Years later, Kane is kicked out of the monastery in which he’s been hiding from the world (Robert Russel’s head monk offers some spotty theology: “There are many paths to redemption, not all of them peaceful.” Maybe he just wanted Kane out of the building?). Refusing to return to his ancestral home in England–largely cos he murdered his older brother, and his father, Josaiah Kane (played by a surprisingly game Max von Sydow), is still a little pissed–Kane finds himself wandering again, neither here nor there.

He gets picked up by a covered wagon full of pilgrims (led by the always affable Pete Postlethwaite). They’re a fairly trusting lot, so we know at some point something going to set Kane off, and he’ll be decapitating and dismembering somewhat supernatural foes in no time. Maybe it’ll be the bands of roving bandits. Maybe it’ll be the leather-faced leatherface guy who’s running around England and magically making people into slaves. Maybe he’ll get frustrated by the lack of response from his pilgrim patron’s comely daughter.
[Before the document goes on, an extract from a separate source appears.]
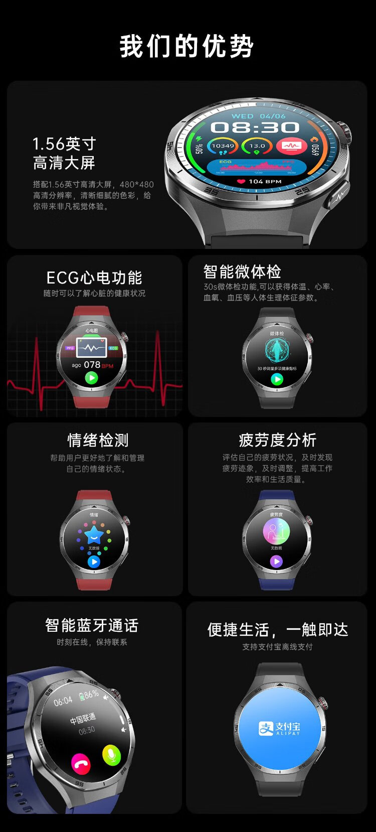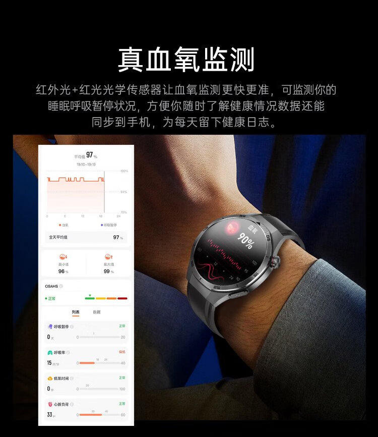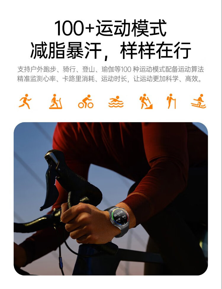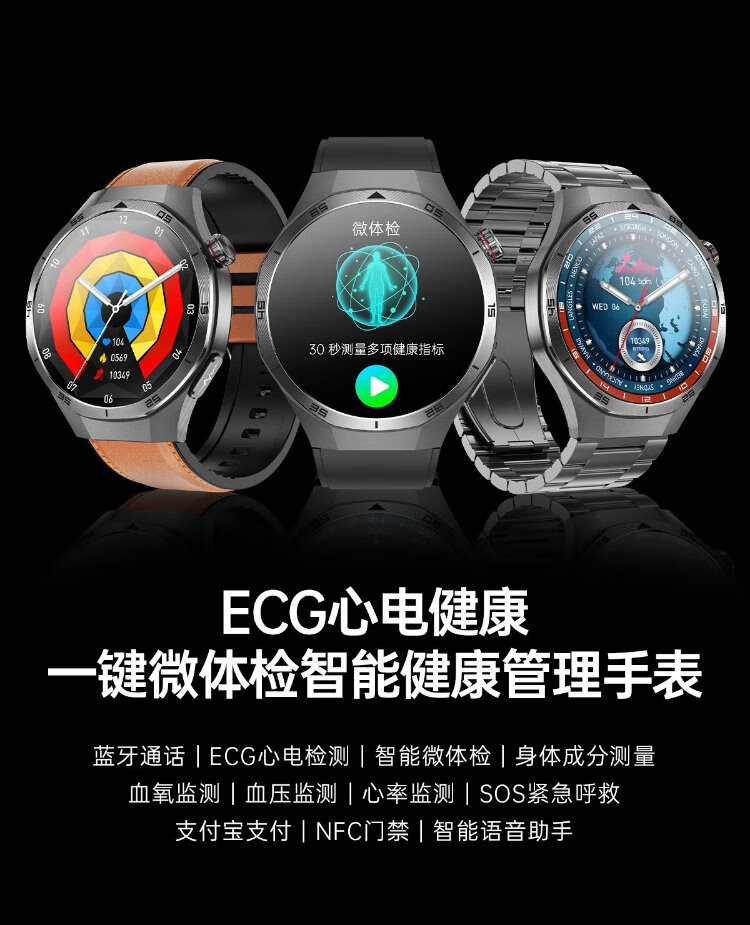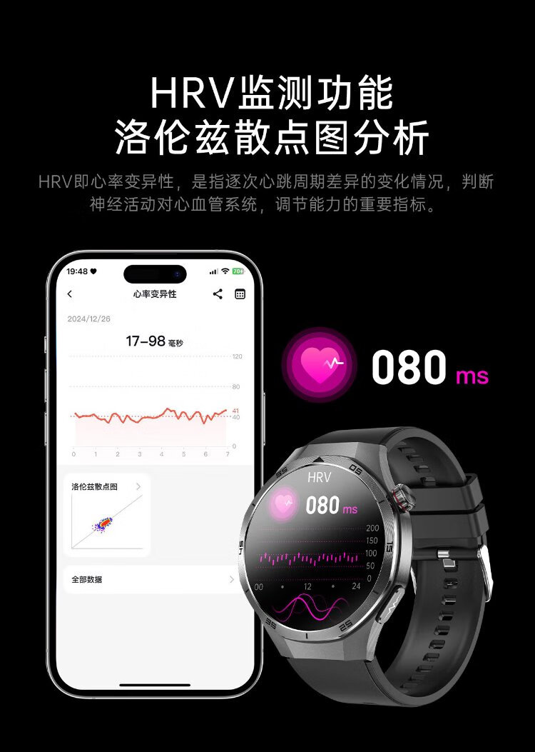 Guangxi 2026 new upgrade Huawei Hongmeng system suitable for non-invasive blood sugar and blood pressure monitoring watch heart rate blood oxygen blood lipid uric acid all-in-one sleep electrocardiogram obsidian black blood sugar blood pressure blood lipid monitoring + five internal organs monitoring + high-definition call

Or maybe it’ll be the presence those bird-masked plague doctors–cos you can’t have a quasi-medieval tale of redemption a few of without them. And maybe, just maybe, he’ll patch things up with his brother.
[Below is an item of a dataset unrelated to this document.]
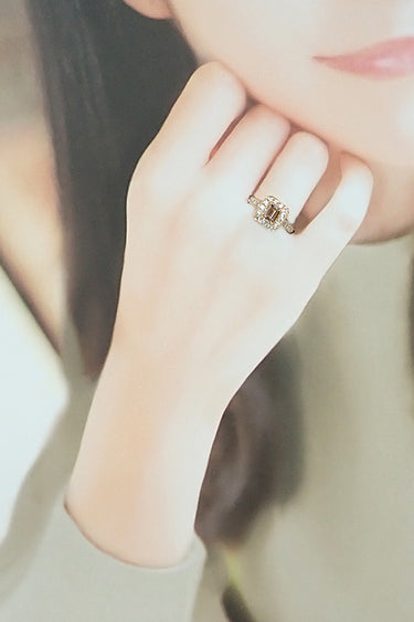 商品名 ブラウンダイヤモンド リング ダイヤモンド K18ピンクゴールド 鑑定書 グレード付き エメラルドカット 変形カット ファンシーカット ミル打ち ミルグレイン
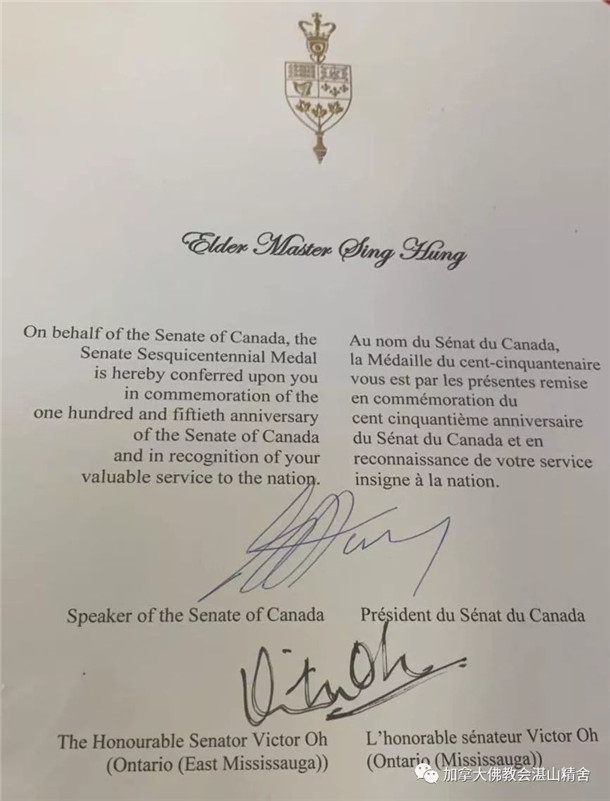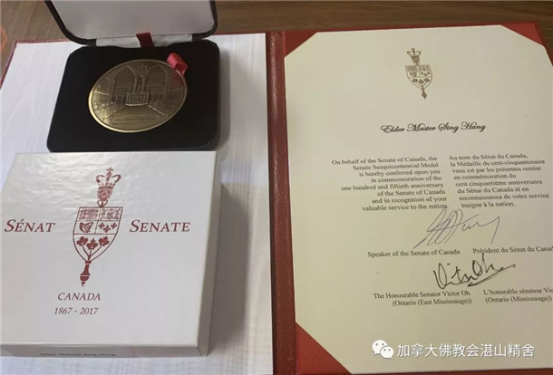 觉悟佛教网海外讯 近日,湛山精舍收到一个特大喜讯,湛山精舍开山宗长性空长老荣获加拿大建国150周年荣誉勋章。加拿大国会上议院议长George Furey专门向性空长老发出贺信,充分彰显了意义重大的无上殊荣。

Convoluted recaps aside, there’s a lot to like about “Solomon Kane.” The sets are good. The costumes are good. The specials effects are…well, they’re not bad, and they are well used. There’s a lot for genre fans to grab onto in particular, what with the swordplay and fires in the background lighting gray and gloomy, doomy characters. And there are some interesting set-pieces: Along with that mirror sequence at the beginning, there is a young girl who turns into a levitating witch, a basement full of zombie-like folks and a crucifixion (which I, as a Classicist, can tell you is not Classically done). Plus, there’s an occasional bout of black humor (the fight in the graveyard, for example) to balance things out.
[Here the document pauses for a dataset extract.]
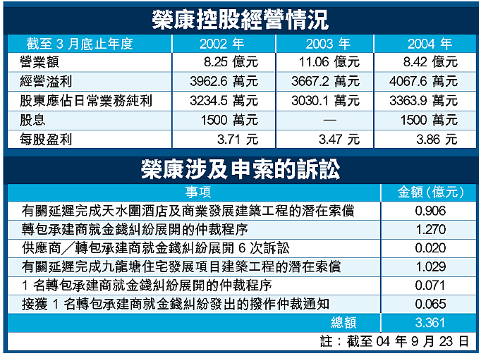 【本報訊】有長實(001)「御用」承建商之稱的榮康控股(745)昨公開招股,按招股文件顯示,涉及的法律訴訟索償金額3.361億元;近兩年總營業額中,超過60%來自單一客戶。

Of course, the film’s not all joy and dismemberment. There are a couple of things to dislike. For one, it has a fairly generic and uninspired soundtrack. The script is also not the best. This is essentially a superhero origin story, which means that it has the same elements of any superhero origin story. On the one hand, it’s often clunky and tedious; on the other, it practically writes itself! Maybe that’s a bad thing…

So to answer my initial question, I don’t think the film sat on the shelf cos it sucked. The film is fine. I think it sat around because they didn’t know what to do with it. The problem, for the writers, distributors and audiences, is figuring out who that guy in the capotain really is. In one scene, Kane is surprised in a seemingly abandoned church and draws his sword on a man of the cloth. “Forgive me, father,” he apologizes, sheathing his sword. “The times we live in.” Indeed.